- Theatrical release poster
- Directed by: Saran
- Written by: Saran
- Produced by: S. Mohan
- Starring: Arav; Nikesha Patel;
- Cinematography: K. V. Guhan
- Edited by: Gopi Krishna
- Music by: Simon K. King
- Production company: Surabi Films
- Release date: 29 November 2019;
- Country: India
- Language: Tamil

= Market Raja MBBS =

2019 Indian Tamil-language action comedy film

Market Raja MBBS is 2019 Indian Tamil-language film written and directed by Saran and produced by S. Mohan. The film stars Arav in the title role in his lead film debut alongside Nikesha Patel. The music was composed by Simon K. King, while cinematography was handled by the director's younger brother, K. V. Guhan and editing by Gopi Krishna.
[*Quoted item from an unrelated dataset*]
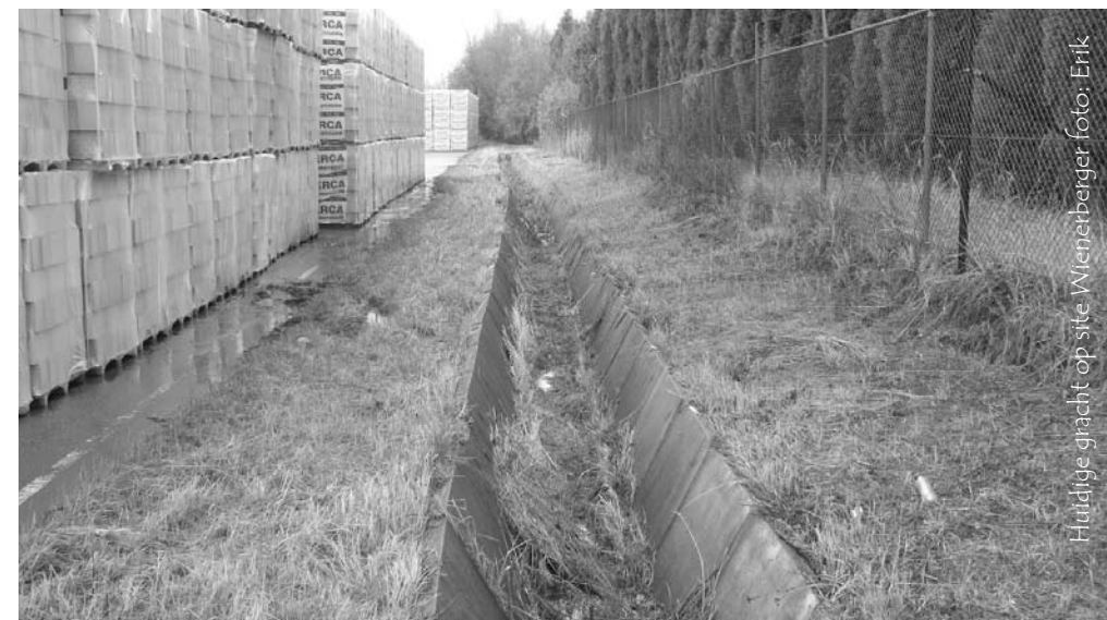
Huidige gracht op site Wienerberger

Bevers zijn vooral 's nachts en in de schemering actief. Overdag brengen bevers de tijd voornamelijk slapend door in legers, in holen of in burchten. Ze leven solitair of in een kleine familie. Een familie bestaat gemiddeld uit 4 tot 5 dieren, maar kan ook uit 8 tot

The film released on 29 November 2019. The film's title is similar to Saran's Vasool Raja MBBS (2004).

== Cast ==

- Arav as Market Raja
- Nikesha Patel as Steffany
- Kavya Thapar as Vani Sri
- Vihaan as Chandrababu
- Nassar as Sivaji Muthaiyah, Vani Sri's father
- Radhika Sarathkumar as Sundari Bhai, Market Raja's mother
- Rohini as Latha, Chandrababu's mother
- Adithya Menon as Dasappan (Das)
- Chaams as Lawyer Vardharajan (Vardha)
- Pradeep Rawat as Manohar Singh
- Sayaji Shinde as Godfather Radha
- Hareesh Peradi as Minister Ramdoss
- Nithin Sathya as Neelakandan
- Munishkanth as Gunaseelan
- Devadarshini as Kalavathy, an exorcist
- Vijaya Patti as Market Raja's grandmother
- Madhan Bob as Nagesh Babu
- "Boys" Rajan as Commissioner
- Vaiyapuri as a Demo Patient
- Shanthi Mani as Latha's assistant

== Soundtrack ==
The soundtrack was composed by Simon K. King, in his first association with director Saran.

Track listing
| No. | Title | Lyrics | Singers | Length |
|---|---|---|---|---|
| 1. | "Kannale" | Dhamayanthi | Sanah Moidutty, Yazin Nizar | 4:31 |
| 2. | "Dha Dha" | Rokesh | Simon K. King | 3:36 |
| 3. | "Bailaama" | Ku. Karthik | Sharanya Gopinath | 3:21 |
| 4. | "Kanne Karuvizhiye" | Ku. Karthik | K. S. Chithra | 4:19 |
| Total length: |  |  |  | 15:47 |

== Release ==
Initially, the film was scheduled to release on 8 November 2019, but it was postponed due to unavoidable reasons. Later, it was announced that the film would be released worldwide on 29 November 2019.